Milan Smits

Personal information
- Date of birth: 13 November 2004 (age 21)
- Place of birth: Berendrecht, Belgium
- Height: 1.87 m (6 ft 2 in)
- Position: Midfielder

Team information
- Current team: De Graafschap
- Number: 6

Youth career
- 2009–2013: Zandvliet Sport
- 2013–2015: Lierse
- 2015–2018: KV Mechelen
- 2018–2022: Antwerp

Senior career*
- Years: Team / Apps / (Gls)
- 2022–2025: Young Reds Antwerp / 62 / (2)
- 2023–2025: Antwerp / 7 / (0)
- 2025–: De Graafschap / 18 / (1)

= Milan Smits =

Belgian footballer (born 2004)

Milan Smits (born 13 November 2004) is a Belgian professional footballer who plays as a midfielder for Dutch club De Graafschap.

==Career==
Smits was born in Berendrecht, Belgium, and began his footballing development at local club Zandvliet Sport, where he spent four years in the youth setup from 2009 to 2013. He then joined the academy of Lierse, remaining there for two seasons before moving to KV Mechelen in 2015. In 2018, Smits transferred to the youth department of Antwerp.
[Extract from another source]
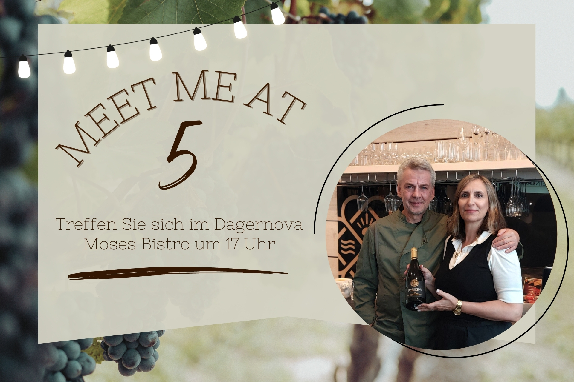Treffen Sie sich im Dagernova Moses Bistro um 17 Uhr. Lassen Sie den Arbeitstag bei uns gemütlich ausklingen und genießen Sie einen unserer After-Work-Snacks bei einem guten Glas Wein.

He made his Belgian Pro League debut on 5 March 2023, coming on as a late substitute in a 5–0 home win against former club Mechelen. It was his only appearance of the season. Later that month, he was given his first professional contract, to last until 2025, with the option of a further year.
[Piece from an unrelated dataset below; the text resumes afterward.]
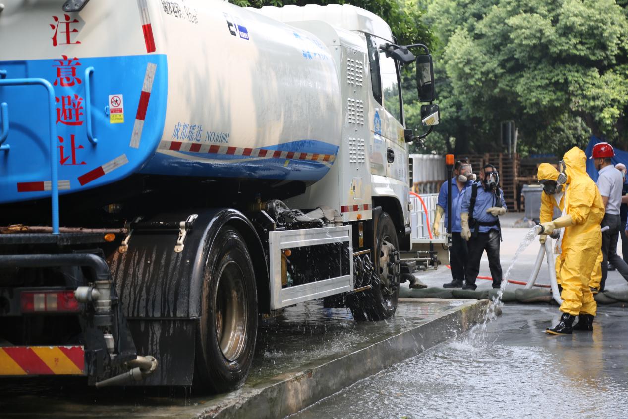 成都市武侯生態(tài)環(huán)境局、成都市她妝美谷(武侯工業(yè)園)管委會(huì)接到請(qǐng)求支援后,迅速啟動(dòng)了區(qū)級(jí)、街道應(yīng)急處置力量趕赴我司現(xiàn)場,依次進(jìn)行了突發(fā)環(huán)境事件確認(rèn)與報(bào)告、人員疏散撤離與警戒設(shè)置、應(yīng)急處置、現(xiàn)場監(jiān)測分析、處置情況跟蹤等工作。

Smits returned to the first team on 24 January 2024, starting in a 3–2 victory away to OH Leuven in the quarter-finals of the Belgian Cup, shortly after the departure of midfielder Arthur Vermeeren to Atlético Madrid.
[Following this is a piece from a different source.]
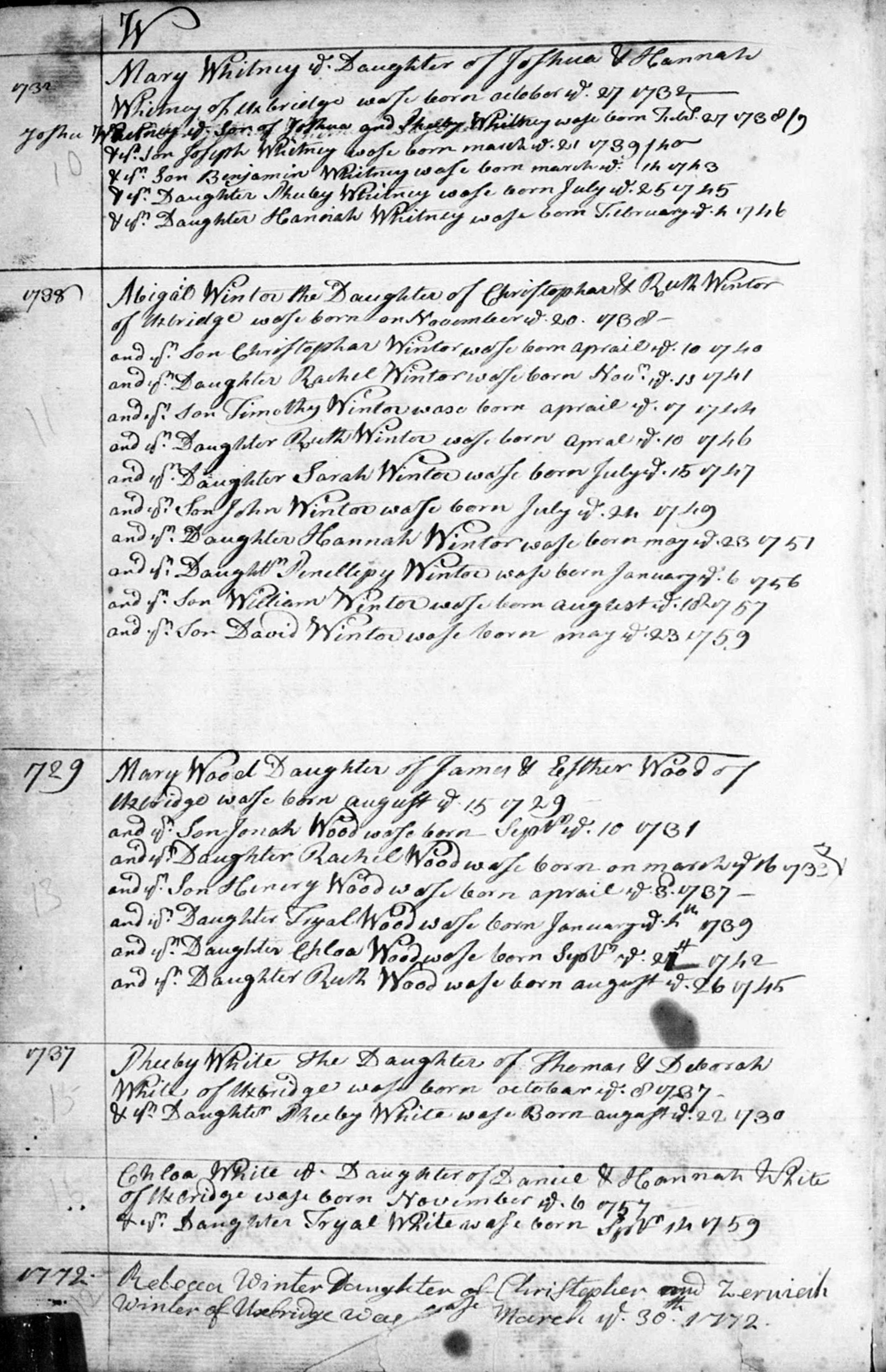 Christopher Winter Jr. was born April 10, 1740, in Uxbridge, Worcester Co., MA. Zeruiah Smith was born November 7, 1741, in Pomfret, Windham Co., CT. Christopher Winter Jr. and Zeruiah Smith, of Salisbury, were married by Rev. Jonathan Lee, October 22, 1767, in Salisbury, Litchfield Co., CT. John Winter was born August 13, 1768, in Salisbury, Litchfield Co., CT. Zeuriah Winter was born June 12, 1770, in Salisbury, Litchfield Co., CT. Rebecca Winter was born March 30, 1772, in Uxbridge, Worcester Co., MA.

On 25 June 2025, Smits joined Dutch Eerste Divisie side De Graafschap, signing a two-year contract with an option for a third. At the time of the signing, technical manager Berry Powel described him as "a versatile midfielder with great stamina," highlighting his tactical awareness and ambition to grow.

==Personal life==
Smits's father, Björn Smits was also a footballer, who played for Royal Antwerp in the 1990s.